Dann noch eine Probefahrt, noch einmal den Ölstand des Motors überprüfen und fertig ist die ganze Inspektion, die Wartung und die Reparatur. Andreas meint, der Zetor könne so noch jahrelang klaglos laufen. Er wäre in einem Topzustand und wir brauchten uns keine Sorgen zu machen. Das höre ich gerne. Man merkt bei diesem Schweizer Meister der Zetoren, dass sein ganzes Herz an den Traktoren hängt. Mit Freude und Eifer war er bei der Arbeit heute in seiner Freizeit am Sonntag und jeden Handgriff führte er professionell und mit einer Lockerheit aus, dass man ihm hohe Anerkennung zusprechen muss. Andreas, an dieser Stelle noch einmal ein ganz, ganz herzliches DANKE für deinen großzügigen Einsatz an unserem Vagabunden.
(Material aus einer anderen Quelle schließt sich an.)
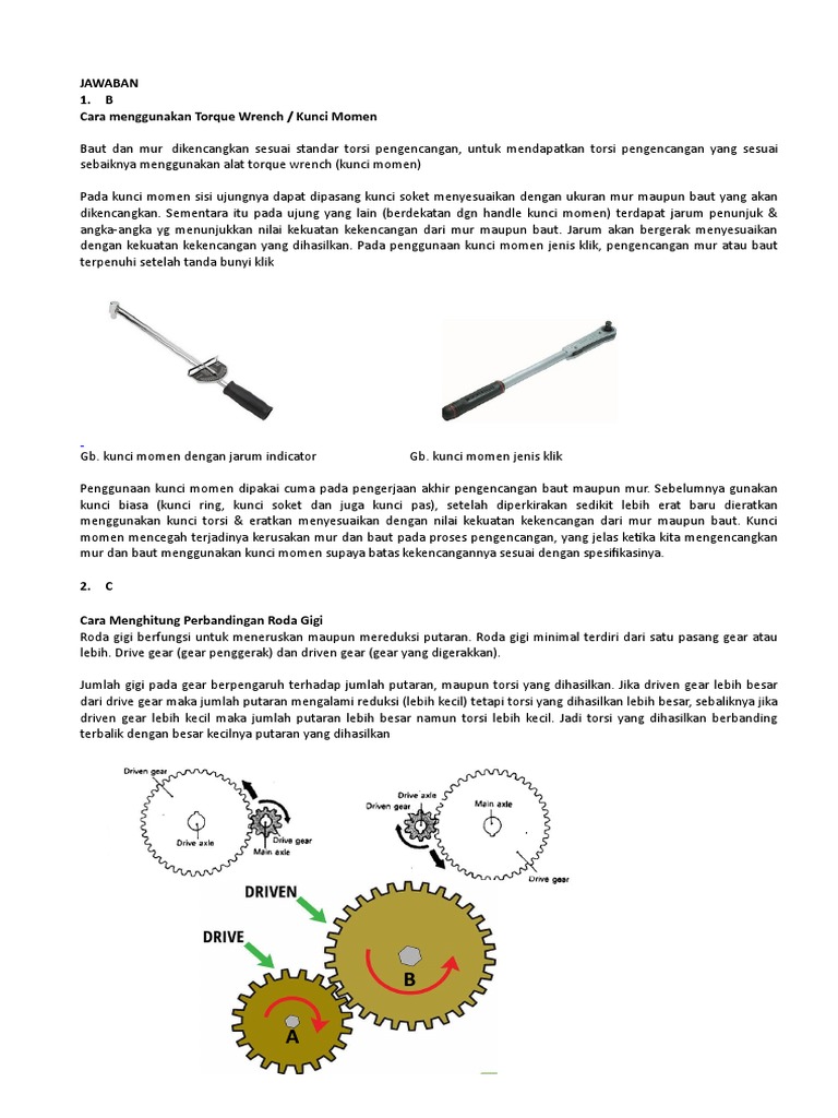 Jawaban 1 B Cara Menggunakan Torque Wrench Kunci Momen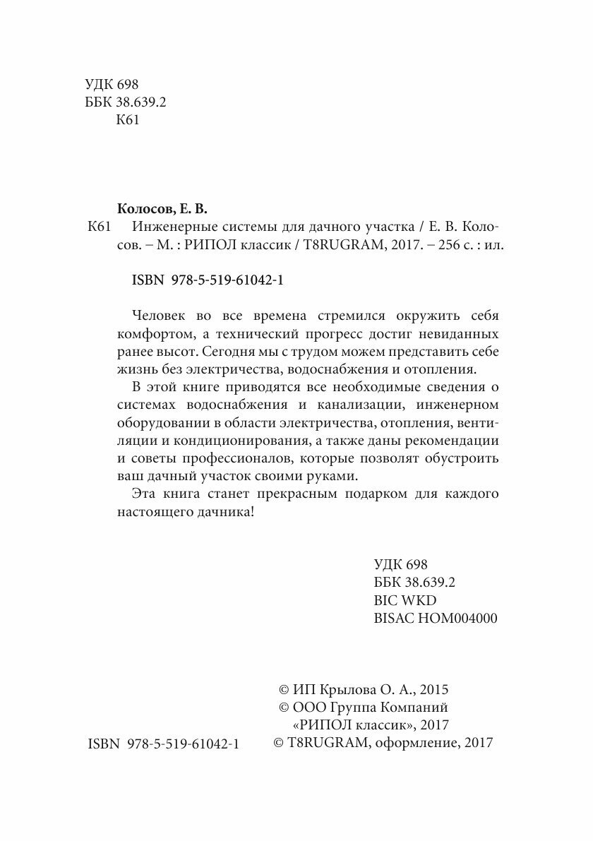 Книга Инженерные системы для дачного участка (Колосов Евгений Викторович), 2018

Später, als wir im ersten Stock in seinem Büro sitzen und ich ihn frage, was denn wohl in der Schweiz so eine Arbeitsstunde für den Kunden koste, nennt er mir den Preis. 120 Franken. Also etwa 110 Euro. Schluck! Er war über drei Stunden am Arbeiten. Das Öl und die anderen Materialien kämen auch noch dazu. Ich weiß gar nicht wie ich ihm danken soll. Andreas liebt außer seiner Sabrina das Traktorpulling sehr. Er war zweimal Schweizer Meister und räumt auch sonst bei jeder Veranstaltung mächtig Pokale ab. Auch Sabrina, seine Lebensgefährtin nimmt aktiv am Traktorpulling teil und hat auch schon erste Preise gewonnen. Ein tolles Paar! Und das alles mit speziell getunten Zetoren, die vor jedem Start vom Schweizer TÜV abgenommen sein müssen. Wir sitzen noch eine Weile vor dem Bildschirm und schauen uns einige Pulling- DVDS an.
Es ist spät geworden als ich mich von den beiden in deren Wohnung, wieder ein Stockwerk höher, verabschiede. Nach Acht tuckere ich über den schmalen Feldweg nach Hause. Dabei fällt mir auf, dass beide Frontscheinwerfer nicht brennen. Sch…! Ich kann mir nicht so recht vorstellen, dass beide Lampen durchgebrannt sind und mache mir so meine Gedanken. Es regnet jetzt nicht nur, es schüttet. Sicher fallen in einer Stunde mehr als 30 Liter Wasser auf den Quadratmeter. Um unser Gespann hat sich ein großer See entwickelt, der den ganzen Campingplatz einnimmt. Das Wasser steht 5 Zentimeter auf den Wegen und über dem Rasen. Kleine Fische hätten keine Mühe, sich unter Wasser zu halten. Hoffentlich lässt der Regen in der Nacht nach, denn Morgen wollen wir in Richtung deutsche Grenze fahren.